§ **Assigned task**
Retype the material, please. Every line must match.

§ **Dataset content**
++++++++

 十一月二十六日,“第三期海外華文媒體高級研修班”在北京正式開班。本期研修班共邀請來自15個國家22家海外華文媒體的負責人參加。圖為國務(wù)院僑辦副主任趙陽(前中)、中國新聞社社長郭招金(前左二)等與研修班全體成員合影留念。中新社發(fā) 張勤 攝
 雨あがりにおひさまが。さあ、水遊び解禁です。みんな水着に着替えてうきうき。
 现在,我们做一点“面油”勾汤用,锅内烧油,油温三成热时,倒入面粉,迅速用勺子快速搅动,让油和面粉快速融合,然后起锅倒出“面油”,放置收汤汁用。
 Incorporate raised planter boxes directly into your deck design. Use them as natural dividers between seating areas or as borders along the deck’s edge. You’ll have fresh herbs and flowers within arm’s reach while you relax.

++++++++

§ **Problem solution**
 十一月二十六日,“第三期海外華文媒體高級研修班”在北京正式開班。本期研修班共邀請來自15個國家22家海外華文媒體的負責人參加。圖為國務(wù)院僑辦副主任趙陽(前中)、中國新聞社社長郭招金(前左二)等與研修班全體成員合影留念。中新社發(fā) 張勤 攝
 雨あがりにおひさまが。さあ、水遊び解禁です。みんな水着に着替えてうきうき。
 现在,我们做一点“面油”勾汤用,锅内烧油,油温三成热时,倒入面粉,迅速用勺子快速搅动,让油和面粉快速融合,然后起锅倒出“面油”,放置收汤汁用。
 Incorporate raised planter boxes directly into your deck design. Use them as natural dividers between seating areas or as borders along the deck’s edge. You’ll have fresh herbs and flowers within arm’s reach while you relax.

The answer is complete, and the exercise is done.